As the John Cassian quote above notes, the process of memorization is not restricted to the period of time when the book is passing before the reader’s eyes . Rather, it requires a rehearsal of the memorized material to ensure its retention (“diligently committed to memory and ceaselessly reviewed”)

Cassiodorus state emphatically the need for repetition and meditation apart from the text: “Therefore pray to God, the source of all that is useful; read, I pray, constantly; go over the material diligently; for frequent and intense meditation is the mother of understanding.” (Institutions 1.Pref.7).

In one of my favorite and often-cited vignettes of the Desert Fathers, Abba Lucius clarifies how monastic manual labor participates within the lectio process and furthers the command to “pray without ceasing”: 

I will show you how, while doing my manual work, I pray without interruption. I sit down with God, soaking my reeds and plaiting my ropes, and I say “God, have mercy on me; according to your great goodness and according to the multitude of your mercies, save me from my sins.” [Psalm 51:1]

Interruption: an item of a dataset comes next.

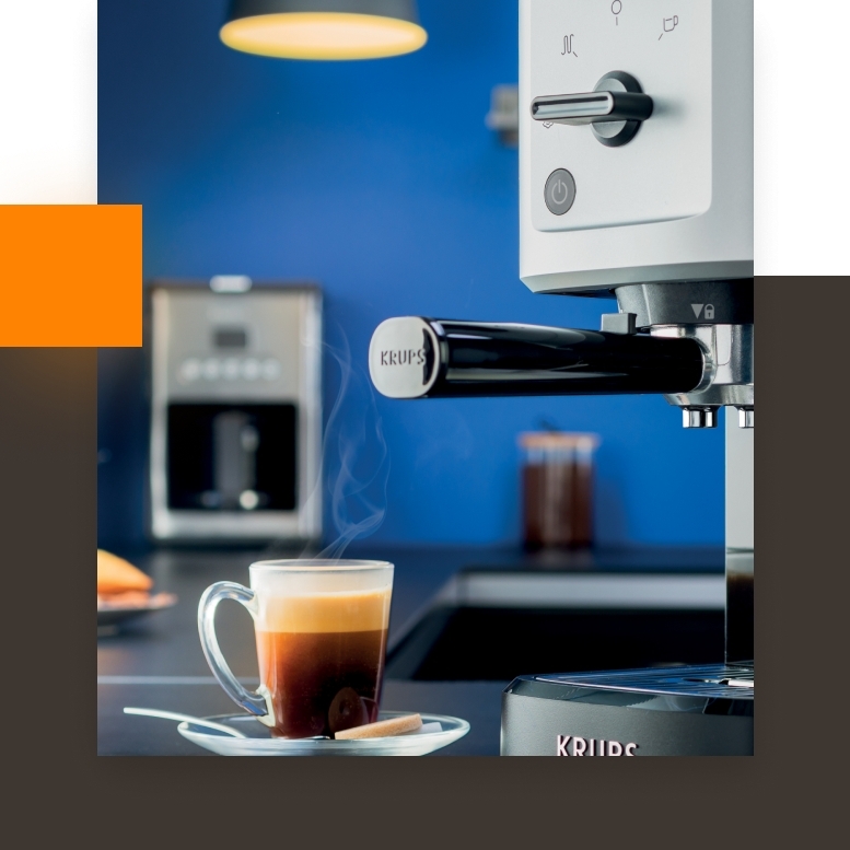 Krups Espresso Intenso Calvi Meca XP344010 . È una caffettiera compatta, dall'aspetto solido, e realizzata in acciaio inossidabile, con la quale puoi lavorare il tuo caffè come un professionista da casa .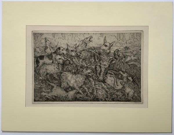 Carlo Servolini "L'assalto" acquaforte (lastra cm 18x27,5; foglio cm 25x32,5) f

The time set aside for manual labor in the monastery, therefore, is not a time to stop praying, but a shift into a different mode of prayer. Distinct from the formal prayer of the Daily Office or the memorization of lectio, this is a time to recall those things which had been memorized to fix them in the mind and to occupy the thoughts with God’s words rather than idle brain-flittings.

That’s why silence is key within the monastic enclosure. If you’re talking to another person, the less likely it is that you’re talking to God as well. Certainly that’s how the Rule of the Master understands it, specifically directing “silent labor” several times and clarifying the command this way:

Now, the reason we say that the brethren must always observe silence is that sins of the tongue are not committed when the mouth is at all times kept from speaking. However, the brothers while working are to keep silence as follows: They must refrain from uncontrolled chattering and from worldly matters and from idle words which are out of place. But the brothers may have permission at any time, provided the abbot is not present, to rehearse the psalms and to repeat the Scriptures and to speak about God if it is done humbly and quietly (RM 50.24-26).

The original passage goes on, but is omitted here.